Sina genoss die frische Meeresluft in ihrem Gesicht. Genüsslich hatte sie die Augen geschlossen, um den goldenen Sonnenstrahlen zu erlauben, wärmend über ihre Augenlider, ihre Lippen und ihre Wangen zu streichen. Der Tag hatte früh begonnen, hatte die junge Frau doch nur wenig Schlaf abbekommen. Sie wusste nicht warum, aber irgendwie war sie aufgeregt und hatte auch ein wenig Angst davor, diesen Schritt in eine neue Richtung zu gehen. Doch nun gab es kein Zurück mehr und das wollte Sina auch garnicht. Das Café war ihr Traum schon seit ihrer Kindheit und nun konnte sie ihn endlich wahr werden lassen.

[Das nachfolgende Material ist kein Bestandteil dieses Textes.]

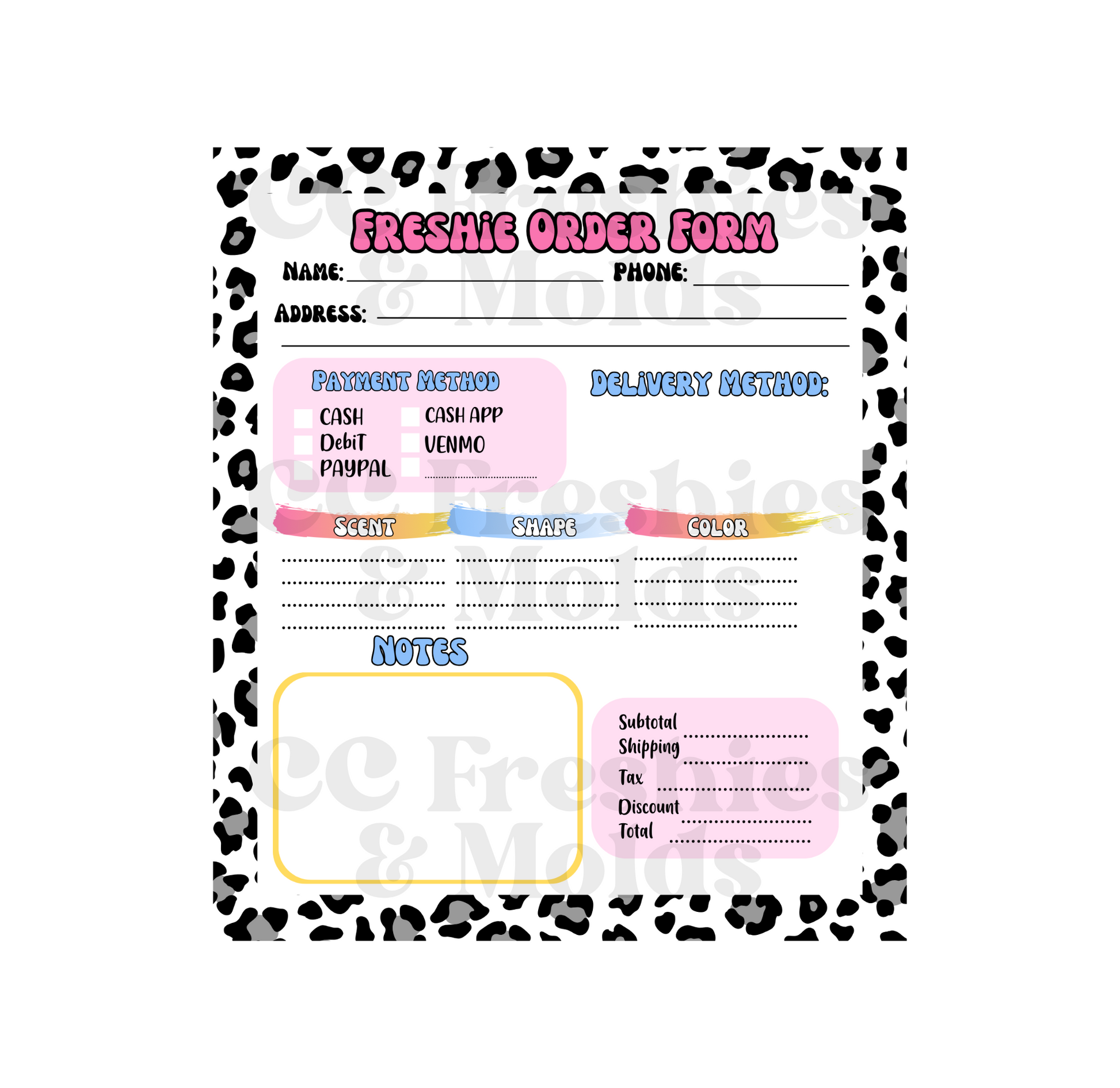 Leopard Freshie Order Form Notepad
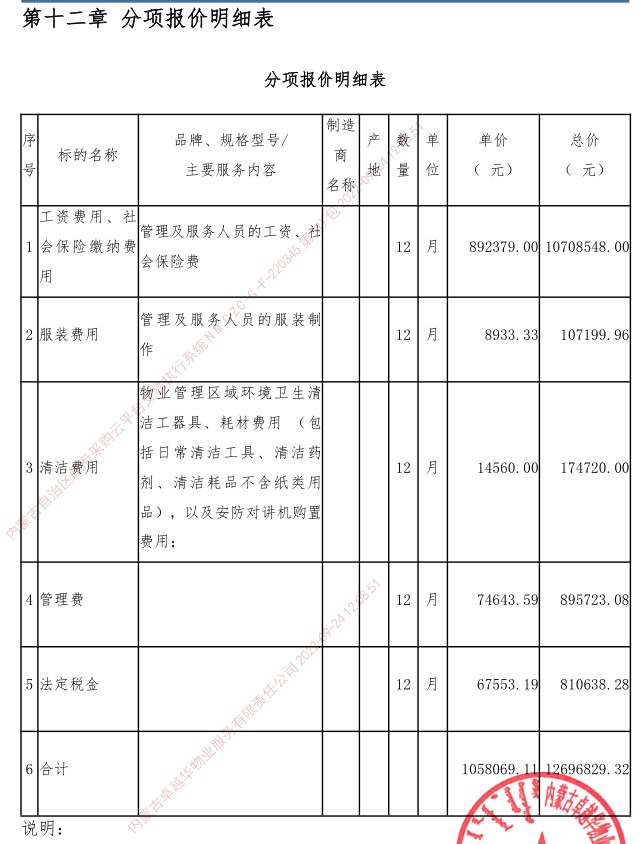 曹丽鲜、史隆芳、田磊(采购人代表)、王福玲、强莉平、郭建明、贾荣阁(采购人代表) 六、代理服务收费标准及金额:代理服务费收费标准: 无 代理服务费金额: 合同包1(物业管理服务): 0万元。收取对象:无。 七、公告期限自本公告发布之日起1个工作日。 八、其他补充事宜无 九、凡对本次公告内容提出询问,请按以下方式联系。 1.采购人信息名称:内蒙古自治区中医医院 地址:内蒙古自治区呼和浩特市新城区健康街11号 联系方式:0471-6921317 2.采购代理机构信息名称:内蒙古自治区公共资源交易中心 地址:内蒙古自治区呼和浩特市赛罕区敕勒川大街6号 联系方式:0471-5332614 3.项目联系方式项目联系人:李倩 电话:0471-5332640 内蒙古自治区公共资源交易中心 2022年09月26日 相关附件: 物业服务报价明细附件.pdf 分项报价明细表.jpg 十一、其他事项: ------------------------------------招标信息结束---------------------------- 标签: 内蒙古自治区 物业服务 中医医院 公告 上一篇: 2022年9月26日哈尔滨市道里区工业信息科技局关于招标常态化疫情防控防疫物资代理采购供应商(二次)结果公告 最新5000条招标信息列表: 滚动招标 |
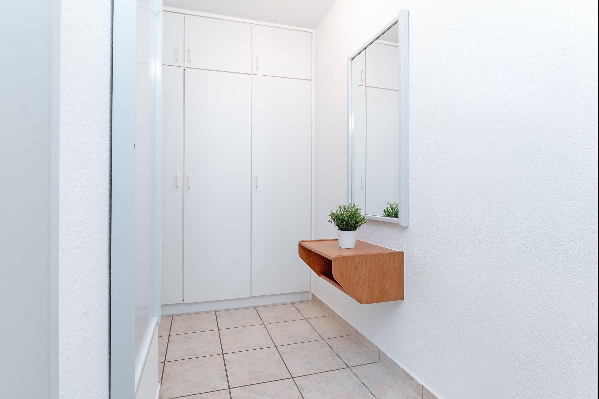 Der Wohnraum mit Schlafcouch (160x200 cm) verfügt über ein TV-Gerät (Flachbildschirm mit DVB-T Empfang) und ein Radio mit CD-Player. Außerdem befinden sich im Wohnraum der Essplatz und die komplett eingerichtete Küchenzeile mit 4-Platten-Herd, Backofen und Spülmaschine. Das Schlafzimmer ist mit einem Doppelbett (180x200 cm) ausgestattet. Der Balkon verfügt über Gartenmöbel. Duschbad mit Haar Fön. Der WLAN-Anschluss ist inklusive.
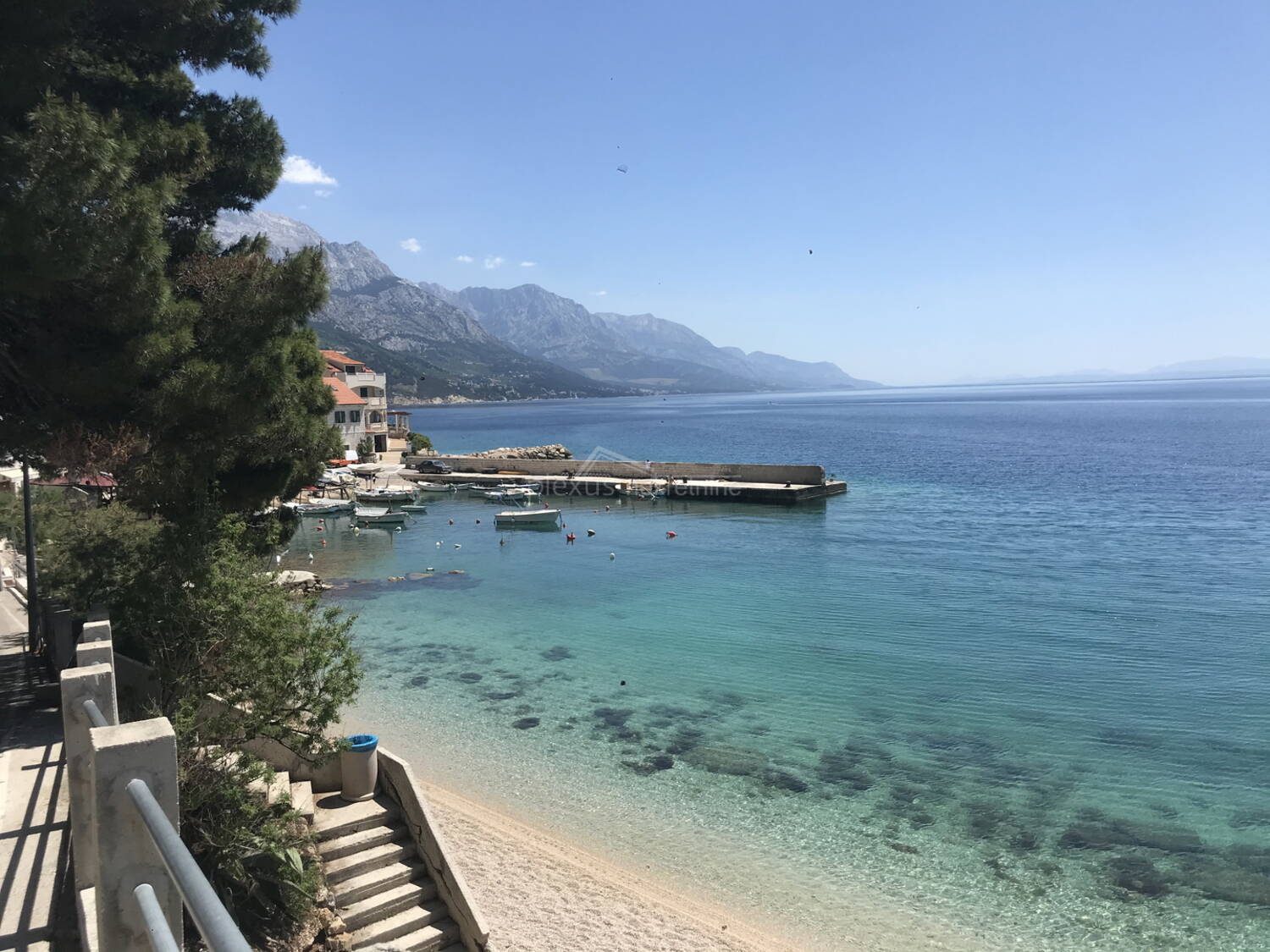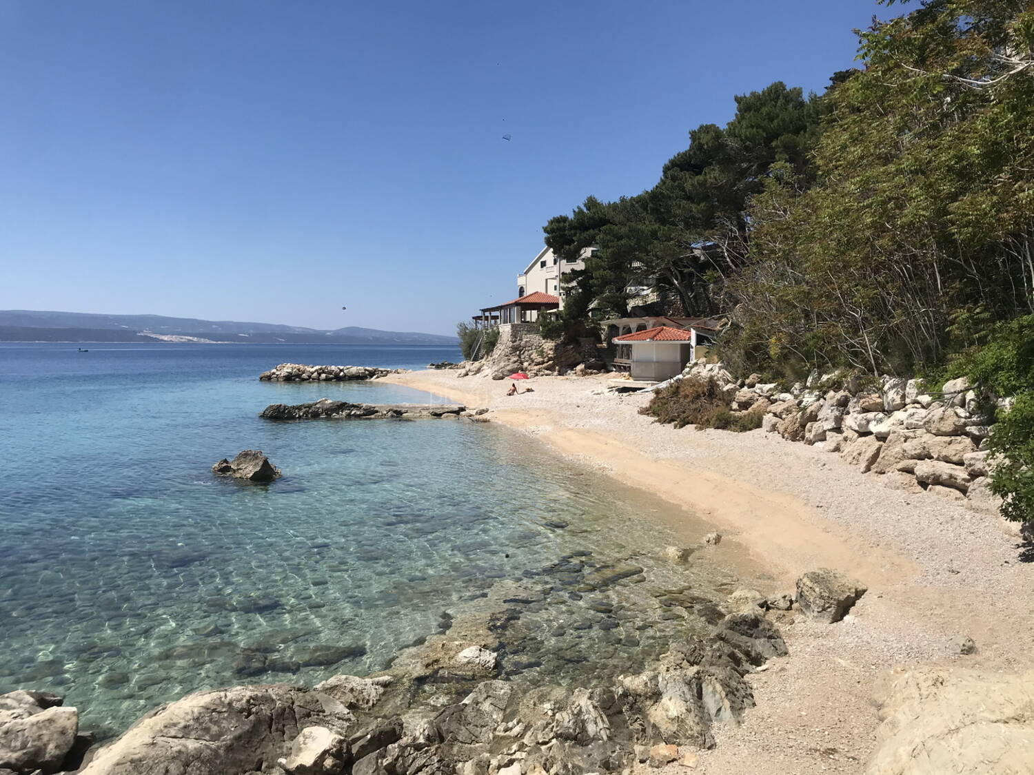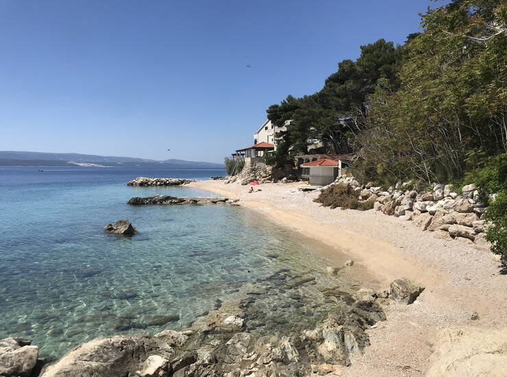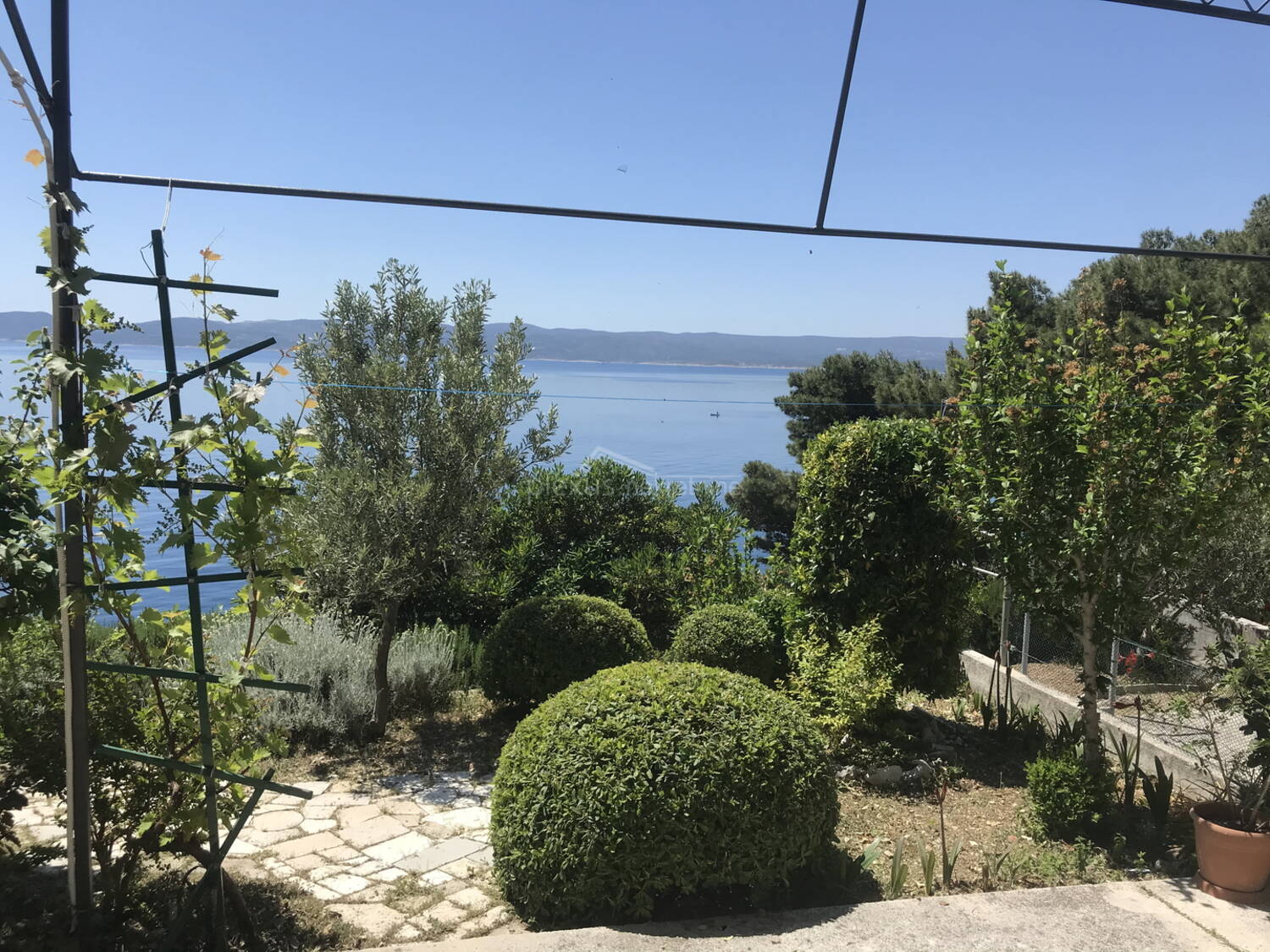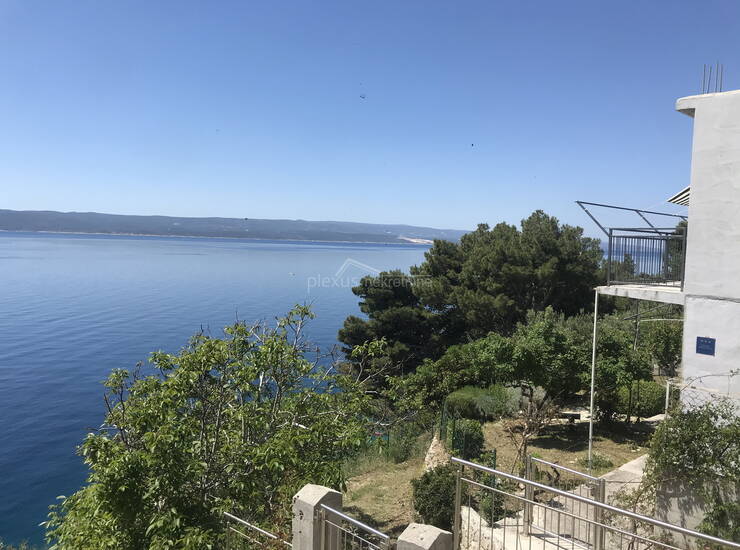 Kuća prvi red do mora u mirnom i ugodnom okruženju smještena u malom turističkom mjestu na Omiškoj rivijeri sa prekrasnim pogledom na more i otok Brač. Okružena je kultiviranim mediteranskim raslinjem. Zemljište se pruža sve do obalnog pojasa tako da nitko ne može ugroziti pogled na predivno morsko plavetnilo.

Ihre Augen öffneten sich wieder und schauten über den weißen Sand hin zum Meer und dem Horizont, der das dunkelblaue, glatte Wasser vom azurblauen, reinen Himmel trennte. Heute war ein Tag wie aus einem wunderschönen Traum. Keine Wolken weit und breit, kein Wind, nur Sonnenschein. Die Kälte des Winters wurde immer öfter von dem strahlenden Gold der Sonne durchbrochen und musste allmählich einer angenehmen Wärme Platz machen.
Heute war es schon so warm, dass sich Sina ohne Bedenken von ihrer Mütze und dem dicken Wintermantel hatte trennen können. Sie saß hier auf der gepunkteten Decke im Sand mit lediglich einer dünnen Stoffjacke, die ihren Oberkörper sanft umschloss.
Auf dem Weg durch die Straßen Warnemündes und über die Dünen bis hin zu ihrem angestammten Platz war der jungen Frau aufgefallen, dass Bäume, Büsche und Wiesen schon anfingen zu blühen. Vögel waren in den Ästen zu hören und frisches Grün schmückte die Zweige.
Sina schmunzelte in sich hinein. Es war in der Tat ein wunderschöner Tag.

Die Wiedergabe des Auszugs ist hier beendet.